STORED DATA START
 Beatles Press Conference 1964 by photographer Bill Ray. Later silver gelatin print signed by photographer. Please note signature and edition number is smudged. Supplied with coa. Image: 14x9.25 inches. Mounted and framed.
STORED DATA END
STORED DATA START
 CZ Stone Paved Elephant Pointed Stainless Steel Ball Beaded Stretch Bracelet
STORED DATA END
STORED DATA START
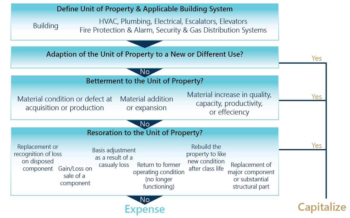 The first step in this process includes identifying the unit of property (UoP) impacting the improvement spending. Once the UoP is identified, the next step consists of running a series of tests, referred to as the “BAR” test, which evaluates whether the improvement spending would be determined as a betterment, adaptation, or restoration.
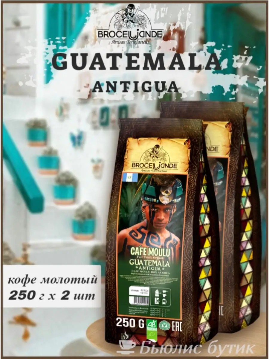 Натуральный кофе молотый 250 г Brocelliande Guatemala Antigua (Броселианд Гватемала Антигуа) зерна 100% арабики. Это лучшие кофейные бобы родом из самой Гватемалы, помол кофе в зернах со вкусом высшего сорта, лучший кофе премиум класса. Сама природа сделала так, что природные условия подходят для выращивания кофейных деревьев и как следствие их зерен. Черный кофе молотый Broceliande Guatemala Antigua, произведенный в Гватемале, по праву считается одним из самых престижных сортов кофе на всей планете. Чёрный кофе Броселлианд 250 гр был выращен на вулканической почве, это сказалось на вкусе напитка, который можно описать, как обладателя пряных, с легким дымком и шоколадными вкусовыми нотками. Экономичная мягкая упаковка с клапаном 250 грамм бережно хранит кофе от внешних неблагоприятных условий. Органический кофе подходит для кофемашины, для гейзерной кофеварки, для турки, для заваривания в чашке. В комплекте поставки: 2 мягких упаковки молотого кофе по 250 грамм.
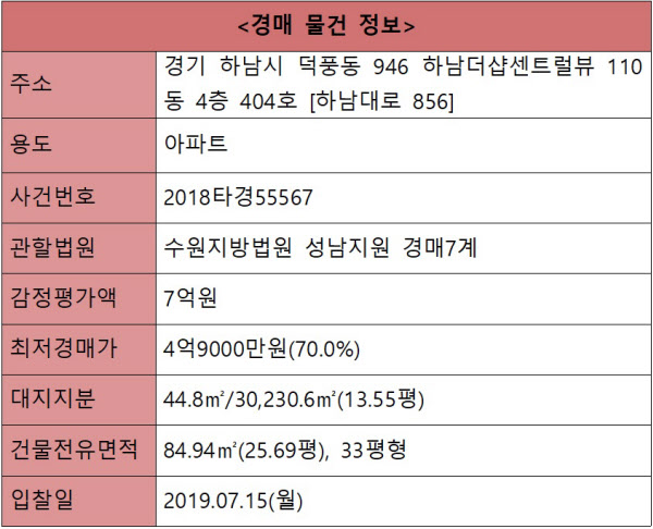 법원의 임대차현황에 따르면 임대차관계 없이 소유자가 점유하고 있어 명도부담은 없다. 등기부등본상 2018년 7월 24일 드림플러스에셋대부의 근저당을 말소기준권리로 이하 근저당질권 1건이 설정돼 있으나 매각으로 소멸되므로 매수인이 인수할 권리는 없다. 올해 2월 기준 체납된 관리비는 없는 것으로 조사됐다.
STORED DATA END
[DIRECTIONS] Write out exactly the run of lines above that starts at the line containing "Натуральный кофе молотый" and ends at the line containing "법원의 임대차현황에 따르면". Include both, and leave the pictures out.

[EXERCISE SOLUTION]
 Натуральный кофе молотый 250 г Brocelliande Guatemala Antigua (Броселианд Гватемала Антигуа) зерна 100% арабики. Это лучшие кофейные бобы родом из самой Гватемалы, помол кофе в зернах со вкусом высшего сорта, лучший кофе премиум класса. Сама природа сделала так, что природные условия подходят для выращивания кофейных деревьев и как следствие их зерен. Черный кофе молотый Broceliande Guatemala Antigua, произведенный в Гватемале, по праву считается одним из самых престижных сортов кофе на всей планете. Чёрный кофе Броселлианд 250 гр был выращен на вулканической почве, это сказалось на вкусе напитка, который можно описать, как обладателя пряных, с легким дымком и шоколадными вкусовыми нотками. Экономичная мягкая упаковка с клапаном 250 грамм бережно хранит кофе от внешних неблагоприятных условий. Органический кофе подходит для кофемашины, для гейзерной кофеварки, для турки, для заваривания в чашке. В комплекте поставки: 2 мягких упаковки молотого кофе по 250 грамм.
 법원의 임대차현황에 따르면 임대차관계 없이 소유자가 점유하고 있어 명도부담은 없다. 등기부등본상 2018년 7월 24일 드림플러스에셋대부의 근저당을 말소기준권리로 이하 근저당질권 1건이 설정돼 있으나 매각으로 소멸되므로 매수인이 인수할 권리는 없다. 올해 2월 기준 체납된 관리비는 없는 것으로 조사됐다.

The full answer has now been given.